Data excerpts
--- START ---

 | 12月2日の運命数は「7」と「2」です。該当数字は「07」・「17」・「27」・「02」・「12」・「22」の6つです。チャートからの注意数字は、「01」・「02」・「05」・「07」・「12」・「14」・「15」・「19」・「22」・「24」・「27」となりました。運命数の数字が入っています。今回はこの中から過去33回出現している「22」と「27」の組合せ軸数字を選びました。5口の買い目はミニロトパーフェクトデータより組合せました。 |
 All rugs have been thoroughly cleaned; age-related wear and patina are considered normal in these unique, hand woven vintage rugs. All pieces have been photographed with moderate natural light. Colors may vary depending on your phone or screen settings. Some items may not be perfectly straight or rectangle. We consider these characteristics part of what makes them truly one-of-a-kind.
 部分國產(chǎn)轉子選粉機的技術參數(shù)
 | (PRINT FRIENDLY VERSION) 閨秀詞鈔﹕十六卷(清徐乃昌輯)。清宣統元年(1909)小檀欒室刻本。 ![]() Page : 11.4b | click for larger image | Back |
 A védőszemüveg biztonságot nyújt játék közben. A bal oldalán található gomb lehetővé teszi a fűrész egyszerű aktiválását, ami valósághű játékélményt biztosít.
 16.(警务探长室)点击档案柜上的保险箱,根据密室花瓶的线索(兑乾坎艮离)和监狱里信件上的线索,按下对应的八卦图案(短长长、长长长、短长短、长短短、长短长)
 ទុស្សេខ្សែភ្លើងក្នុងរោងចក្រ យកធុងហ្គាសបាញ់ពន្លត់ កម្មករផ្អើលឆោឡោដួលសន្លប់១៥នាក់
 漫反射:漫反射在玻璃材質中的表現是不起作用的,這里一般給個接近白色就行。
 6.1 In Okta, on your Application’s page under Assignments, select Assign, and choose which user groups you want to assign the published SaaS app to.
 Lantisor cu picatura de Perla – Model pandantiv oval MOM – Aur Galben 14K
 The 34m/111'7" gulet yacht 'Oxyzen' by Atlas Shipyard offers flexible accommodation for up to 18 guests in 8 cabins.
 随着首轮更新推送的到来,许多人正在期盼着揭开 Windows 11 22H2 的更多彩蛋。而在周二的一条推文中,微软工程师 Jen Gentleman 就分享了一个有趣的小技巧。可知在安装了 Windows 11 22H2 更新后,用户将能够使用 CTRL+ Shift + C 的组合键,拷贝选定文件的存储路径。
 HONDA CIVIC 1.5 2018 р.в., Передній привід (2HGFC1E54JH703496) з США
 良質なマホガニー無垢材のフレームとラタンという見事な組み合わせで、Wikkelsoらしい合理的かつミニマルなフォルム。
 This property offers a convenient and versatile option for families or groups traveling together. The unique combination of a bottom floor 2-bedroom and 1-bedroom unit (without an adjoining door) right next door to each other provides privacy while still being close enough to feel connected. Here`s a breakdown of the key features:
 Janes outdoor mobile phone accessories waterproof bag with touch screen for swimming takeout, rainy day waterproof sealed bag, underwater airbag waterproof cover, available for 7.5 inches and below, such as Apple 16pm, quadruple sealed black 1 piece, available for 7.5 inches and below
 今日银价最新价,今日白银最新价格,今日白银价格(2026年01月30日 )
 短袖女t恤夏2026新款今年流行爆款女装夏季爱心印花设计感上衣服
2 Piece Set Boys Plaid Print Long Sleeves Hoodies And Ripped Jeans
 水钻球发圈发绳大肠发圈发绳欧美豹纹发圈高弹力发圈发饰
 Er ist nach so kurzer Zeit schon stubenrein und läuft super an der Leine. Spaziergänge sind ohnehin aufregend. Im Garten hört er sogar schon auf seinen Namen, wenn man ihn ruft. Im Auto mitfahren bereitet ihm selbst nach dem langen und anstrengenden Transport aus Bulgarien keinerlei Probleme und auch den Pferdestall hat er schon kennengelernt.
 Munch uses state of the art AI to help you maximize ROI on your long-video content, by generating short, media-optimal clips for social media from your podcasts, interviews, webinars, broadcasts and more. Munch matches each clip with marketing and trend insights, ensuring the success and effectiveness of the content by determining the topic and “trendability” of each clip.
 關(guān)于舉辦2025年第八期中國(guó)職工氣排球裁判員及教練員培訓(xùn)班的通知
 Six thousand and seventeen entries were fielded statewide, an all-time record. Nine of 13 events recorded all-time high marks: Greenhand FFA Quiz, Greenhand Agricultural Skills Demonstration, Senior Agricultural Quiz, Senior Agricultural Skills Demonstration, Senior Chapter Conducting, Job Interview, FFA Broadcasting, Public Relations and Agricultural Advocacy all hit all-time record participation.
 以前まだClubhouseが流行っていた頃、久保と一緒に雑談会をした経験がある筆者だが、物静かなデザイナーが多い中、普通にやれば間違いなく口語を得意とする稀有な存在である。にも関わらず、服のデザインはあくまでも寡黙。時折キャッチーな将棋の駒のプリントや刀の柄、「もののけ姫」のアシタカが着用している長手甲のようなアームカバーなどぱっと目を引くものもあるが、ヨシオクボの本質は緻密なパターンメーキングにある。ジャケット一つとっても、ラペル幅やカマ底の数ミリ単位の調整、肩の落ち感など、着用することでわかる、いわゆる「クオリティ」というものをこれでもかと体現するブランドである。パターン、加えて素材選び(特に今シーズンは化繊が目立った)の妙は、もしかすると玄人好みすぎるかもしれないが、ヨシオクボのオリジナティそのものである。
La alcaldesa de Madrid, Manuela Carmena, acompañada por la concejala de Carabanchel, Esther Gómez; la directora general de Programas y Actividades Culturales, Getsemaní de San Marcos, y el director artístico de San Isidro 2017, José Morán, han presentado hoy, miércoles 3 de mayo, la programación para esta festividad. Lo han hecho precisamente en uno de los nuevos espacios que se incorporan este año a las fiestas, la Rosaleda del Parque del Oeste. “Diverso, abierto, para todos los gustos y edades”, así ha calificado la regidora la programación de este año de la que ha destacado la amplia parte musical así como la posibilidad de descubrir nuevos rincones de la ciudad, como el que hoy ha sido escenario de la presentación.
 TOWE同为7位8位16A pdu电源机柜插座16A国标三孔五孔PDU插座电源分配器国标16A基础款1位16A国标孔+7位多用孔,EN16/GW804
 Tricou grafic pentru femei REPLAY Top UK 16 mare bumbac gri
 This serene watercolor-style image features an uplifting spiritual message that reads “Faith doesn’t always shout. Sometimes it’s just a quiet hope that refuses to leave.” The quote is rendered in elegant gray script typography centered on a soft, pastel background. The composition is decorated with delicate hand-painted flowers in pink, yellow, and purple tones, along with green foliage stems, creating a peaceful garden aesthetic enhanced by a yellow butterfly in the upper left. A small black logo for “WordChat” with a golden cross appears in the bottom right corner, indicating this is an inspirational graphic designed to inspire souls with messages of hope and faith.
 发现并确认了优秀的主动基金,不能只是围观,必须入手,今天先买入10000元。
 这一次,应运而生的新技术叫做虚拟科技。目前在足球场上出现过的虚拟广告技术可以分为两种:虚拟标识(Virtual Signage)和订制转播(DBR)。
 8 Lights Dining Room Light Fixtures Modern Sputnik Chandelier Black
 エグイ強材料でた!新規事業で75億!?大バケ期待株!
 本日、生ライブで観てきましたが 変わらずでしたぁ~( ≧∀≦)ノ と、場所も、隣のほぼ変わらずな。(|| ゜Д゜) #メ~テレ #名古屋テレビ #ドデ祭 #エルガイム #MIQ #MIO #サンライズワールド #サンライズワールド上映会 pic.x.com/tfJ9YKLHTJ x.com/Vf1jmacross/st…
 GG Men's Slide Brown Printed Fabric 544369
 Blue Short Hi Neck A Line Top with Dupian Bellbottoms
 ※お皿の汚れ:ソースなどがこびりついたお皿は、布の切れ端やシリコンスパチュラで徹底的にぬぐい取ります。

--- END ---

About this task -> Give the number of lines in the records where the word "groups" shows up. Nothing else belongs in the reply.

Expected answer -> 2